Videman T, Battié M C, Gill K, Manninen H, Gibbons L E, Fisher L D
Department of Health Sciences, University of Jyväskylä, Finland.
Spine (Phila Pa 1976). 1995 Apr 15;20(8):928-35. doi: 10.1097/00007632-199504150-00009.
Descriptive epidemiologic study about magnetic resonance imaging findings in the spine.
To describe the prevalence of magnetic resonance imaging findings in a general population at spinal levels T6-S1, and to examine the relationships of these findings within each spinal level and between levels.
The prevalence of specific findings and the associations between findings and spinal levels can provide general insights into the etiopathogenesis of spinal degeneration.
Subjects consisted of 232 men from a population sample (mean age 49.3 years). Signal intensity, disc bulging, disc herniation, and endplate irregularities were among 11 findings assessed from magnetic resonance images.

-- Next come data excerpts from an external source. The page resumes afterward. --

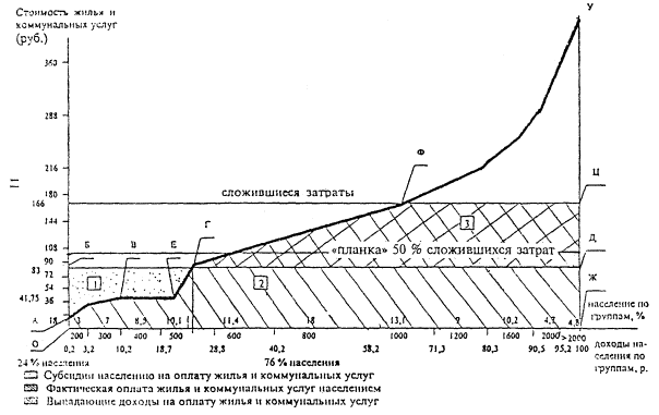 Для визуального восприятия результаты расчета могут быть приведены в графической форме (график 1). Для этого по оси абсцисс откладываются данные по удельному весу населения, соответствующие определенному среднедушевому доходу (колонка 1, 2 табл. 2). По оси ординат откладываются величины стоимости жилья и коммунальных услуг от 0 до 360 рублей, на которой изображаются максимально допустимые доли собственных расходов граждан на оплату жилья и коммунальных услуг соответствующих групп населения (колонка 4 табл. 2). Соединение точек АВЕГФУ позволяет построить кривую платежеспособной возможности населения на жилищно-коммунальные услуги. Прямой участок ВЕ свидетельствует о том, что группа населения с доходом, меньшим минимального прожиточного уровня, оплачивает не более 0,5 минимальной заработной платы. Площадь по кривой АВЕГФУ характеризует возможность различных категорий населения в оплате жилищно-коммунальных услуг в пределах максимально допустимой доли граждан в совокупном семейном доходе на эти цели, в нашем случае - 18 %. Если данную кривую совместить с прямой Б-Д, соответствующей установленному уровню оплаты за жилищно-коммунальные услуги (50 %), что в нашем случае соответствует 83 рублям, то полученный график позволит выделить: величину средств, необходимых для выплаты субсидий, - элемент АБГЕВ; величину средств, собираемых с населения на жилищно-коммунальные услуги, - элемент ОАВЕГДЖ; величину средств, недополучаемых жилищно-коммунальными предприятиями в связи с введением ограничений - 50 % (уровень оплаты населением за предоставляемые жилищно-коммунальные услуги) - элемент ГФЦД. График платежеспособной возможности населения при оплате жилья и коммунальных услуг по РФ на 1998 год
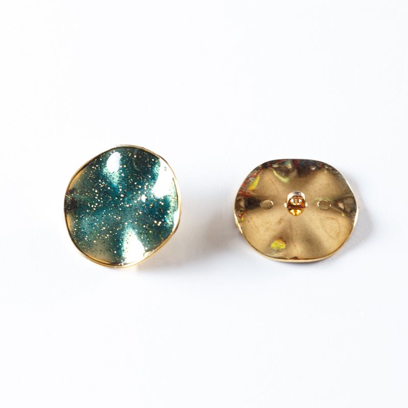 Пуговица на ножке 30 мм металл 493735 золото/зеленый
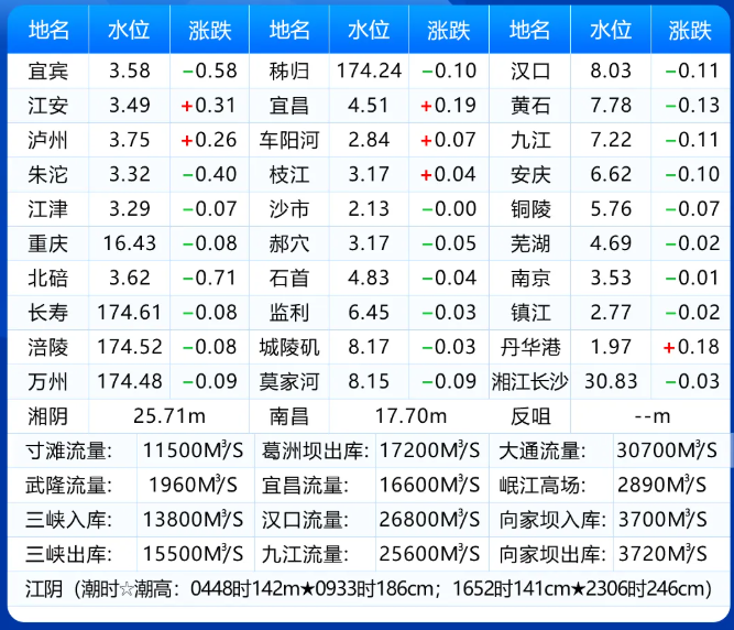 今天大通流量为30700,和上期比继续降低。长江下游水位也持续下行,10月下旬,长江水位将开始进入枯水季节。今后运价可能逐渐会受水位降低到影响。
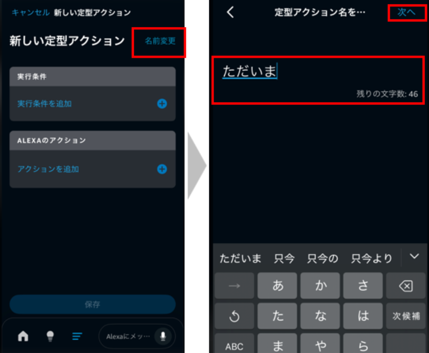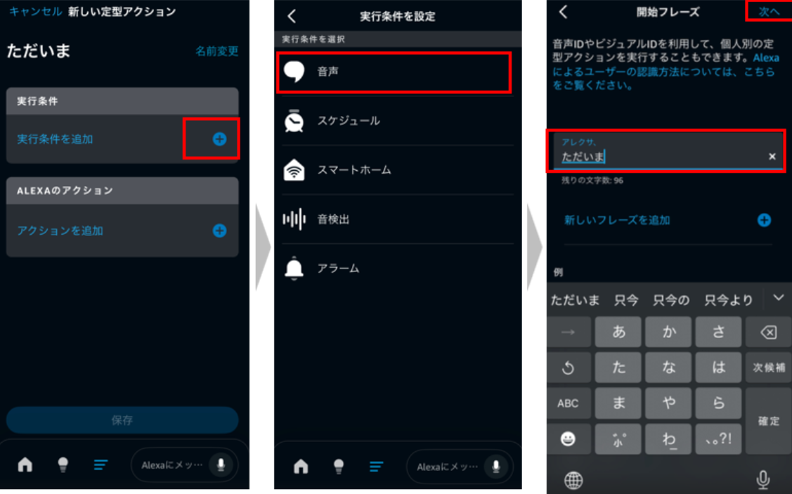 3. 実行条件を入力します。この例図では、「アレクサ、ただいま」と声をかけて、ただいまシーンを動かすために、実行条件で「音声」、開始フレーズに「ただいま」を入力し、画面右上「次へ」をタップします。
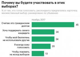 58% россиян в той или иной степени выразили желание проголосовать на выборах президента 18 марта 2018 года, следует из опроса Левада-центра, проведенного в конце ноября. 34% опрошенных заявили, что, скорее всего, будут голосовать, и 24% — что совершенно точно проголосуют. 20% респондентов не определились, пойдут на выборы или нет.
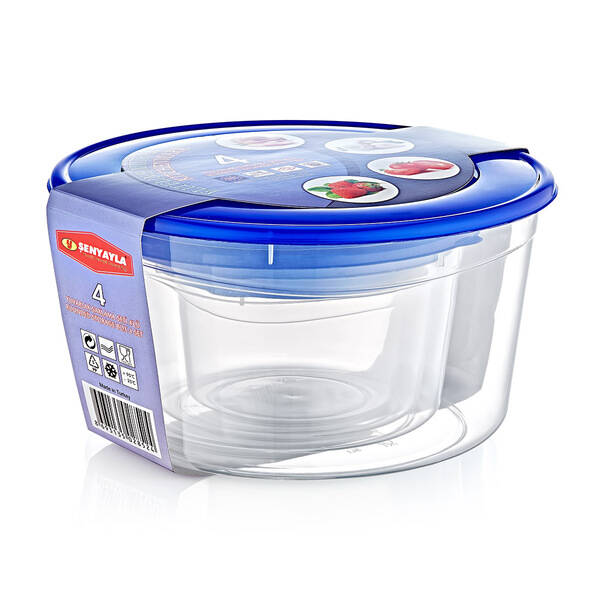 Mutfakta gıdalarınızı düzenli, hijyenik ve taze bir şekilde saklamak için tasarlanan 4’lü Derin Saklama Kabı Seti, farklı boyutları sayesinde hem sıvı hem de katı gıdalar için çok yönlü kullanım imkânı sunar. Şeffaf gövdesiyle içerisindeki yiyecekleri kolayca görebilirsiniz.Her kap, hava geçirmez ve sızdırmaz mavi kapağı sayesinde gıdaların tazeliğini korur. BPA içermeyen, dayanıklı plastikten üretilmiş olup gıda ile temasa uygundur. Set, salata, çorba, kahvaltılık, kuruyemiş veya yemek saklamak için idealdir. Ayrıca iç içe geçebilen yapısı sayesinde dolaplarda yer tasarrufu sağlar.Uzun ömürlü yapısı ve pratik kapak tasarımıyla buzdolabında, mutfak dolaplarında veya pikniklerde güvenle kullanılabilir.
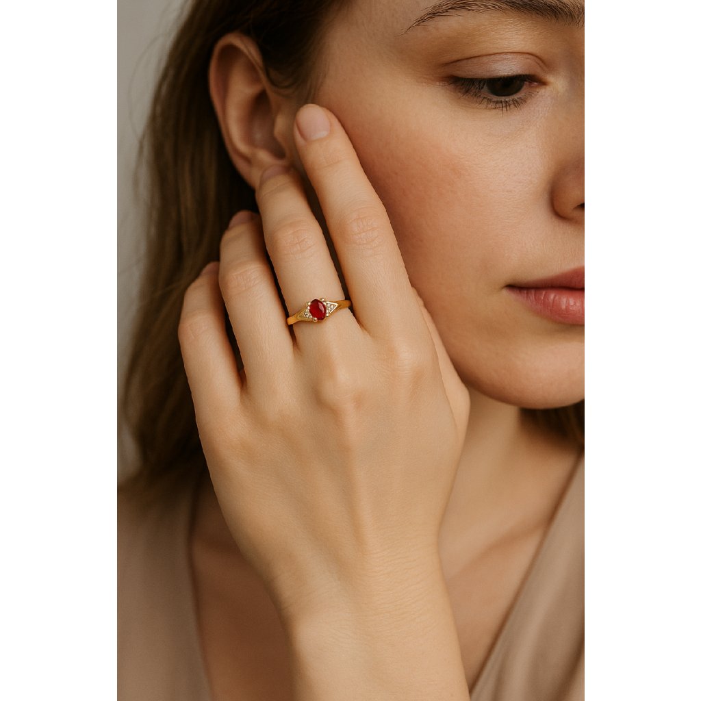 Vyroben z kvalitního zlata a zdobený rubínem a diamanty, tento prsten je vysoce ceněným šperkem. Rubín představuje vášeň a sílu, zatímco diamanty dodávají prstenu zářivý lesk a noblesu.

The disc signal intensities were assessed to be lowest in the lumbar and middle thoracic regions. Disc bulging and disc height narrowing were most common in the lower levels of both the thoracic and lumbar regions. All magnetic resonance imaging findings except herniations and endplate irregularities were clearly associated with age. Osteophytes were most highly associated with disc bulging in levels T6-L3, and with endplate irregularities in the lower lumbar levels. Disc herniations were not consistently associated with any other findings. The disc levels that most highly correlated are grouped as follows: T6-T10, T10-L4, and L4-S1.

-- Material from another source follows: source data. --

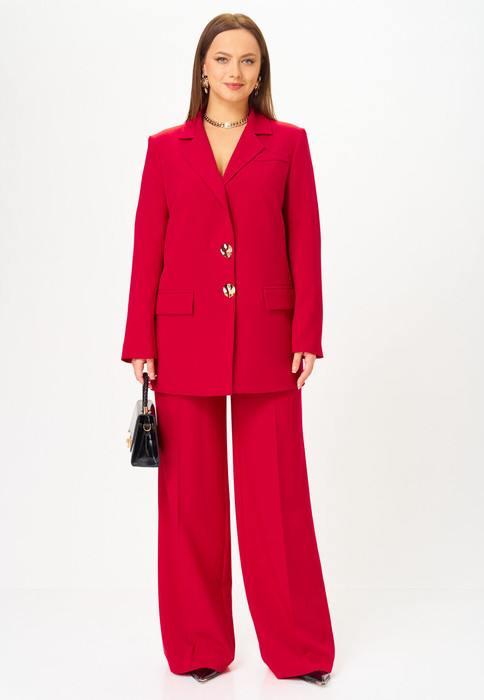 Костюм женский 2-х предметный, состоящий из жакета и брюк. Жакет полуприлегающего силуэта, на подкладке, с одноботной застежкой на петли и пуговицы. Горловина жакета оформлена воротником пиджачного типа. В области бедер обработаны прорезные карманы "в рамку" с клапаном. Спинка жакета со средним швом, заканчивающийся шлицей, левая часть спинки с прорезным карманом в рамку, вход в который фиксирует навесная петля с пуговицей. Брюки формы "палаццо" со стрелками. Верхний срез обработан притачным поясом с резинкой в области спинки. По центру переда - застёжка на крючок и тесьму-молнию. В боковых швах расположены наклонные карманы.
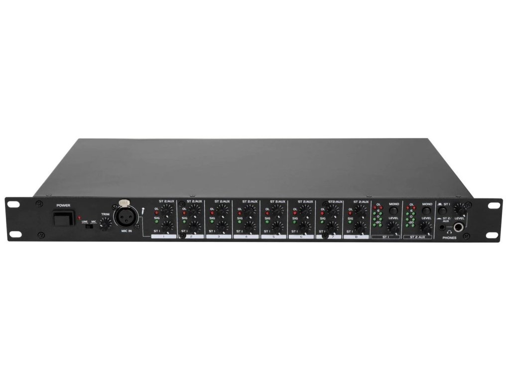 - Multifunkčný 8-kanálový stereo mixážny pult s 2 nastaviteľnými zónovými výstupmi
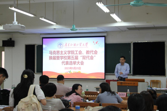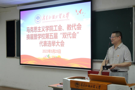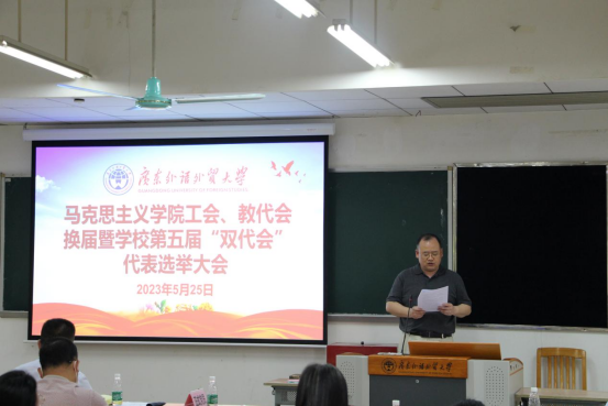 5月25日下午,伟德国际1946在大学城校区教学楼E座205教室召开学院工会、教代会换届暨学校第五届“双代会”代表选举大会。选举大会由学院党委书记麦培年主持,学院院长毛国民、正处级组织员林绍雄、学院副院长曾荣、学院副院长朱海龙、学院工会主席郑亚伟出席会议,学院全体工会会员、教职工参加会议。
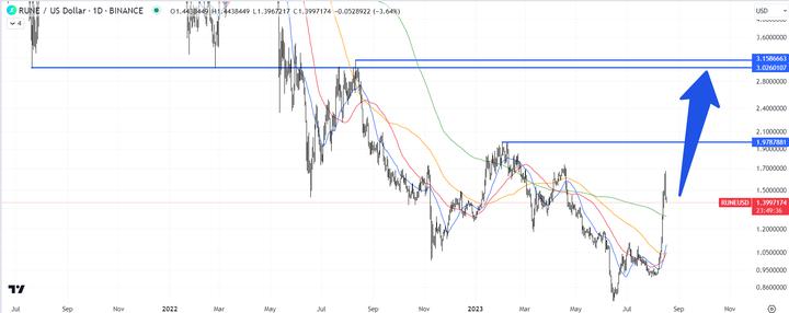 However, RUNE remains in a strong uptrend, having rallied 55% in just the last 10 days and broken convincingly to the north of all of its major moving averages in the process.
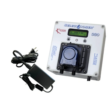 The Select Doser™ 380 by Genesis Instruments is a proportional additive pump ideal for agricultural and industrial operations to accurately dispense vaccines, medications, vitamins, sanitizers and other solutions into low-or high-pressure water systems.
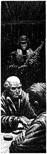 Outside, the temperature dropped to sixty degrees below zero. The stars sparkled with a brilliance that was reminiscent of outer space. Once the frosty stillness was broken by the whine of the jets of a cargo plane, hauling a train of ore gliders from the mines on an island farther north. In the front room of the center hut a guard sat, watching a number of television screens which showed the area around the camp bathed in infra red light. In front of the hut lay the convertiplane, a shining, bluish silver dart with its needle nose and swept back wings and tail. Near the cliffs back of the huts, Nolan's small two seater lay with its channel wings folded into the fuselage.
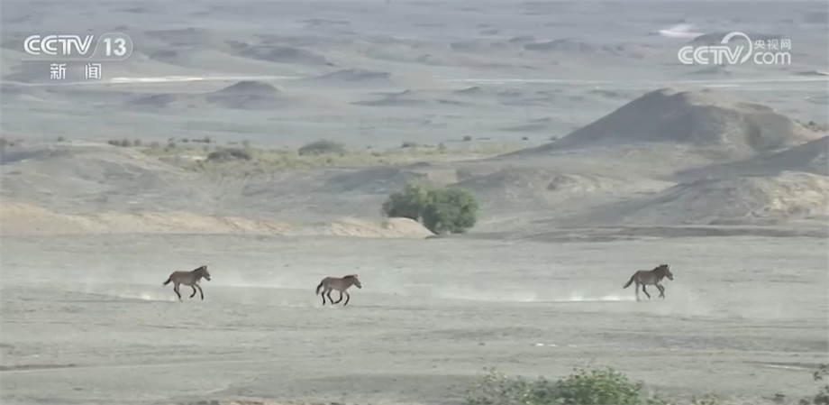 總臺記者 安文劍:這里是位于甘肅敦煌的西湖國家級自然保護(hù)區(qū),16日上午,第一批普氏野馬走出了它們長期生活的半散養(yǎng)區(qū),進(jìn)入了廣闊的大自然。這是1985年“野馬返鄉(xiāng)計劃”提出以來,首次實現(xiàn)普氏野馬的自然放歸。

With the exception of endplate irregularities and herniations, the magnetic resonance imaging findings appeared to be associated with the same pathogenic process. The interaction of mechanical factors and spinal structures varies between spinal levels, and the degeneration common in the lower parts of the thoracic and lumbar spine could be an outcome of vulnerability for torsional forces. Some gross guidelines for grouping findings can be drawn from disc level correlations.
关于脊柱磁共振成像结果的描述性流行病学研究。
描述普通人群中T6-S1脊髓节段磁共振成像结果的患病率,并研究这些结果在每个脊髓节段内以及各节段之间的关系。

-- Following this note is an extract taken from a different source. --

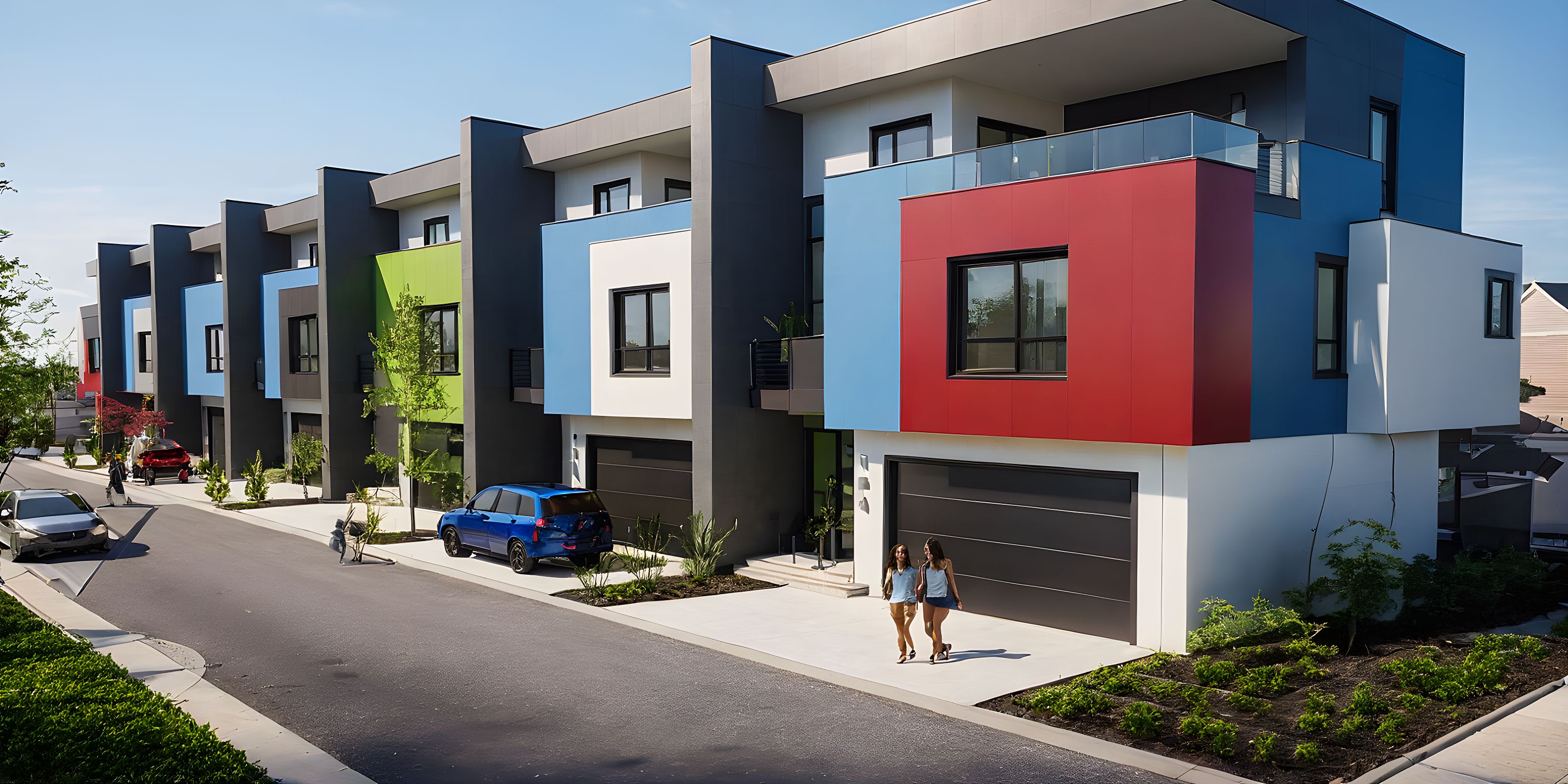 PromptPhoto of modern townhouses featuring a mix of bold colors like red, green, and blue with sharp angular designs. Emphasize the smooth textures of the materials and large windows that invite natural light. Situated in an urban setting with greenery along the sidewalk and surrounding vehicles. Bright daylight casts soft shadows, enhancing architectural details. Perspective from street level at a slight angle, showcasing the façade and inviting entryways, with a focus on a wide lens to capture the neighborhood's vibrancy and dynamic atmosphere.

特定结果的患病率以及结果与脊髓节段之间的关联可为脊柱退变的病因发病机制提供总体见解。
研究对象包括来自人群样本的232名男性(平均年龄49.3岁)。从磁共振图像中评估了11项结果,包括信号强度、椎间盘膨出、椎间盘突出和终板不规则。
椎间盘信号强度在腰椎和胸段中部被评估为最低。椎间盘膨出和椎间盘高度变窄在胸段和腰椎的较低节段最为常见。除了椎间盘突出和终板不规则外,所有磁共振成像结果均与年龄明显相关。骨赘在T6-L3节段与椎间盘膨出高度相关,在腰椎下部节段与终板不规则高度相关。椎间盘突出与任何其他结果之间没有始终如一的关联。相关性最高的椎间盘节段分组如下:T6-T10、T10-L4和L4-S1。
除终板不规则和椎间盘突出外,磁共振成像结果似乎与相同的致病过程相关。机械因素与脊柱结构的相互作用在不同脊髓节段有所不同,胸段和腰椎下部常见的退变可能是扭转力易感性的结果。可以从椎间盘节段相关性中得出一些关于结果分组的大致指导原则。